Я стоял по одну сторону разделявшей нас пустоты, он – по другую. За мной была толпа жмущихся друг к другу усатых людей в разномастных халатах, кое-кто со съехавшими набок дурацкими тюрбанами, за ним – застывшие в строгом строю молодые мужчины с бритыми лицами, в единообразной форме западного покроя. Они воплощали собой порядок, мы – хаос.

“Вы думаете, что свободная Греция явит миру пример величия духа? Что филэллины станут зерном, из которого прорастет братство народов? – выказал Ибрагим-паша поразительное знание не только моей жизни, но и моих убеждений, отринутых, правда, мною самим, но не до конца, иногда возвращавшихся, как в солнечную погоду, после стакана хорошего вина, возвращаются к нам надежды молодости. – Мне жаль вас, полковник. Вас ждет разочарование. Если вы сумеете вырвать у нас хотя бы клочок земли, населенный греками, на следующий день ваши филэллины поделятся по нациям и передерутся за право устанавливать на нем свои порядки. А греки, если им достанется Акрополь, нарежут его на участки и будут сдавать их в аренду европейцам. С вас будут брать деньги за возможность увидеть Парфенон…”

Я записываю не то, что он сказал, а то, что я услышал. Говорил он короче, проще, резче, я дополняю его слова своими мыслями, не очень понимая, возникли они в тот момент, когда я его слушал, или рождаются сейчас как продолжение и развитие сказанного им в действительности. Я не дословно передаю его речь, но следую ее духу и логике.

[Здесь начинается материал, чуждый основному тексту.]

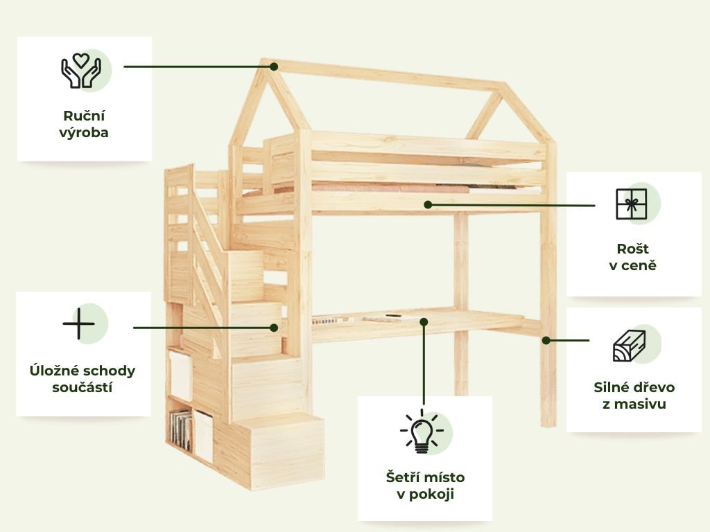 | Speciální vlastnosti: | ruční výroba, spousta úložného prostoru, schody lze namontovat na levou i pravou stranu, šuplíky jsou plně výsuvné |

“Разве вы любите греков? Вы любите ваши фантазии о них, ваши мечты о том, какими они когда-то были и снова станут благодаря вашей опеке. Такие, как есть, они вам не подходят, – болезненно оживил он во мне упрек Сюзи. – Вы внушили им и себе, что лучшее в вас – от них, вы на равных примете их в свою семью, когда они докажут, что достойны своего великого прошлого, о котором еще не известно, было оно или вы его выдумали, а если было, то им ли принадлежало или совсем другому народу. В действительности они – почти мы, разница между нами ничтожна, между ими и вами – огромна. Нам они – родня, вам – чужие. Если вы оторвете их от нас, они еще пожалеют о том времени, когда делили судьбу с нами. Хуже того – они вас проклянут. Нам нужны их корабли, лавки, банки, меняльные конторы, а у вас этого всего в избытке. Среди нас они были едва ли не первыми, среди вас будут последними…”

Я опять потерял нить его речи. Эта война с ее ужасами предстала передо мной как бессмысленная бойня, моя собственная жизнь – как череда ошибок и заблуждений. Безразличие ко всему, что составляло ее смысл, охватило меня, но и смерть казалась столь же бесцельной. Леденящий холод и одиночество – вот всё, что я чувствовал.

Это длилось несколько секунд и было похоже на обморок. Потом сознание прояснилось, в голосе Ибрагим-паши я услышал мой собственный, донимавший меня в часы бессонницы, только сам к себе я обращался в первом лице, а он ко мне – во втором.

“Греки, греки, греки! – передразнил он мою сосредоточенность на этой теме. – Много ли вы видели от них добра? Чем скорее вы забудете их, тем лучше. Даже если победа останется за ними, ее плоды будут для вас горьки. Греки не оправдают ваших надежд. Того, что вам нужно, вы здесь не найдете, а то, что у вас есть, потеряете. Уезжайте, полковник. Возвращайтесь во Францию. Король простит вас…”

Без перехода он начал перечислять условия, на которых мне предлагалось сложить оружие.

На втором пункте я решил их принять.